MindTouch supports the following authentication systems:
- Active Directory / ADFS
- SAML 2.0
- Custom SSO via our API
What is the typical MindTouch customer profile in terms of industry segment, region, etc.? What is the typical customer size in terms of numbers of users?
Typical customer profile: Technology companies in the US
Typical customer size: Approximately 5,000 users (viewers and authors)
Does MindTouch offer services for decommissioning an existing customer? Does MindTouch physically remove a customer or are they merely made dormant?
MindTouch sites of decommissioned customers are kept for 90 days. After 90 days, all data relating to the customer is deleted permanently and irrevocably.
Billing and Metering
Explain the MindTouch pricing, metering, and reporting (including billing). If you offer more than one model, which is the preferred?
- Licensing, support, and hosting is billed annually with net 30 payment terms
- Allocated page views vary based on licensing
- Client services engagements are billed 65% upfront and 35% upon completion
Additional resource consumption (page views) can be purchased for 50% of annual cost of license, support, and hosting.
How does MindTouch ensure legal and SLA compliance? What kind of SLA reporting does MindTouch provide the customer? Does this include business SLAs or technical SLAs?

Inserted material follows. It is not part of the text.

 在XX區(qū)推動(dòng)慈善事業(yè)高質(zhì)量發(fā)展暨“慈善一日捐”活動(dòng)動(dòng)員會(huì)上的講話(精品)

MindTouch has both a support and a technical SLA. SLA details can be found at:
What systems management and other software is used by MindTouch or your hosting partner to manage your solution?
We use Puppet for system management and configuration. All changes to be applied to our servers are defined in Puppet and applied to each server on a 30 minute interval.

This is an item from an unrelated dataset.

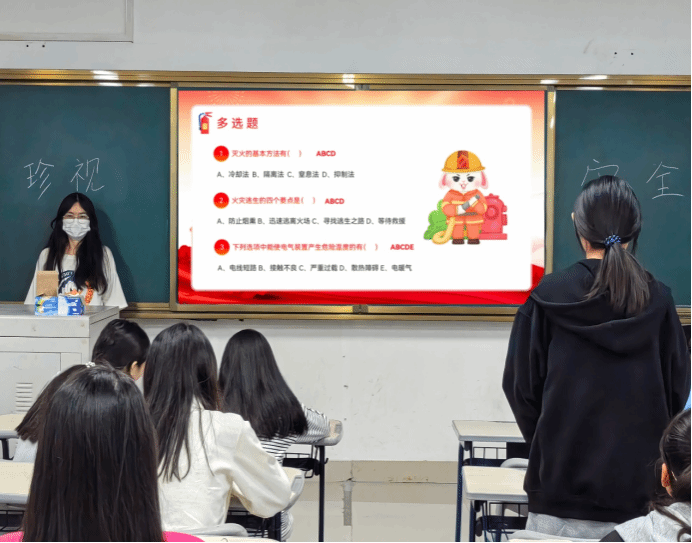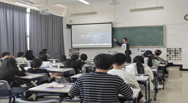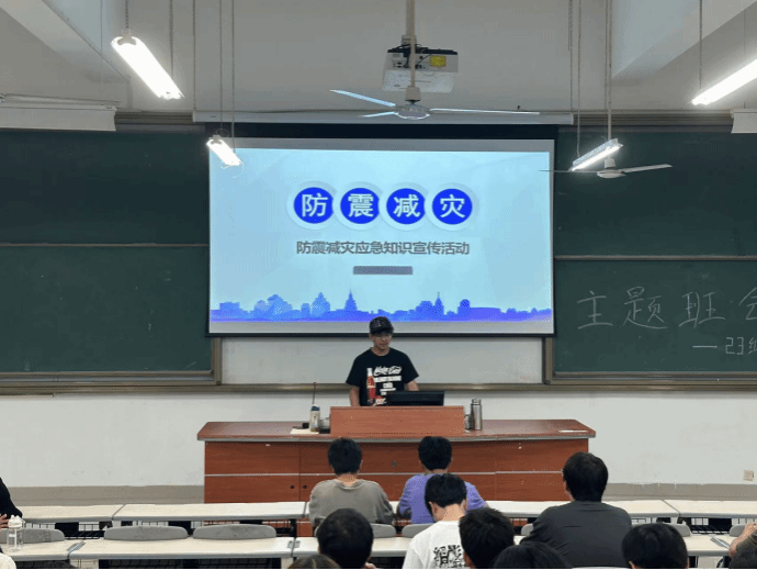 本次班会上,班委向大家先普及了防灾减灾的重要性,详细介绍了地震、火灾、洪水等常见自然灾害的预防和应急逃生常识。并且着重讲解了火灾的成因、预防措施、疏散逃生技巧以及消防器材的使用方法,使同学们对消防安全有了更加全面和深入的了解。最后,引导同学们作为新时代的青年学生,要始终坚持人民至上、生命至上的原则,在提高自身的安全防护意识和能力下,为保障社会的和谐稳定贡献自己的力量。

What SLAs does MindTouch provide? How does MindTouch manage SLAs in terms of monitoring and reporting?
MindTouch SLA details can be found at:
What performance guarantees does MindTouch provide for individual customers?

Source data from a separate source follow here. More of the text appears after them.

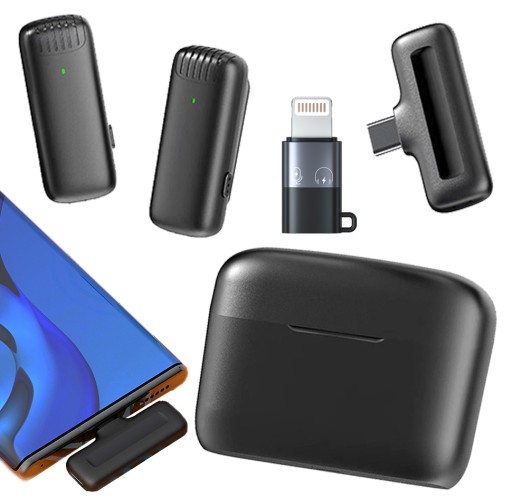 DWA MIKROFONY BEZPRZEWODOWE KRAWATOWY POWERBANK USB C ANDROID IOS LIVE VLOG
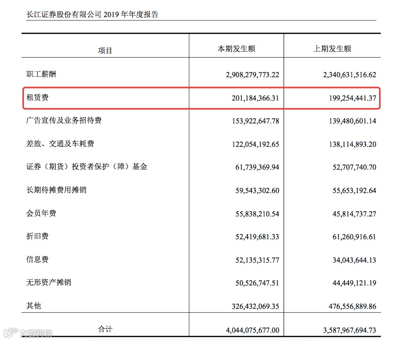 其中,2018年业务及管理费用中,租赁费用达到1.99亿元,仅次于第一位的员工薪酬费用23.4亿元。2019年也类似,业务及管理费合计40.44元,其中,租赁费用2.01亿元,同比保持增长。
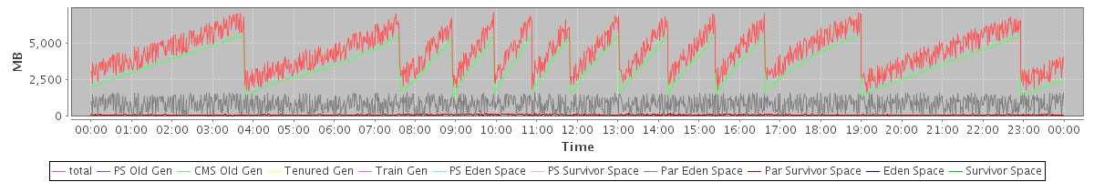 avg(total) = 4432.42 avg(PS Old Gen) = 0.00 avg(CMS Old Gen) = 3500.25 avg(Tenured Gen) = 0.00 avg(Train Gen) = 0.00 avg(PS Eden Space) = 0.00 avg(PS Survivor Space) = 0.00 avg(Par Eden Space) = 838.41 avg(Par Survivor Space) = 93.76 avg(Eden Space) = 0.00 avg(Survivor Space) = 0.00

MindTouch guarantees a 99.8% uptime.
What is the MindTouch default solution for trouble ticketing and incident management?
MindTouch uses SalesForce for all trouble ticketing and incident management.
If MindTouch is hosted by a 3rd party, how do you interact with them with respect to incident management?
We have a support contract with Amazon: http://aws.amazon.com/premiumsupport/
Support tickets are submitted via their support portal.
What are the processes and methodologies for product patching and updating?
MindTouch adheres to an agile release cycle and conducts development iterations on a two week cycle. Development cycles include the following steps:
- Quality assurance
Code releases take place each week on Thursday upon passing quality assurance. If the release day is an observed holiday, the release will be delayed one week. MindTouch maintains all development activity in a version-control system.
Additionally, MindTouch maintains all issue, feature, and task tracking in a version-controlled issue tracking application. Release notes, burn down reports, development effectiveness, quality assurance, and testing reports can be generated from our issue tracking application.
Deployments that require client services may span across multiple iterations. Customers who require less frequent updates can be placed on a quarterly update cycle.
Does MindTouch copy LDAP data or just check LDAP on each login?
On each login, MindTouch does an LDAP bind using the credentials specified by the user logging in.
What type of data is copied during the LDAP authentication? Is the data secure?
The only piece of LDAP data that we copy and store is the LDAP is the username (user_external_name in the MindTouch users table).
Is user login completed using the User/Password attribute retrieval or by LDAP Bind?
MindTouch does an LDAP bind using the credentials specified at login time.
Does MindTouch support LDAPS?
Yes, MindTouch does support LDAPS.
Does MindTouch provide a global 24 x 7 support model? What languages do you support?
Yes, MindTouch emergency support is available. MindTouch support is available in English.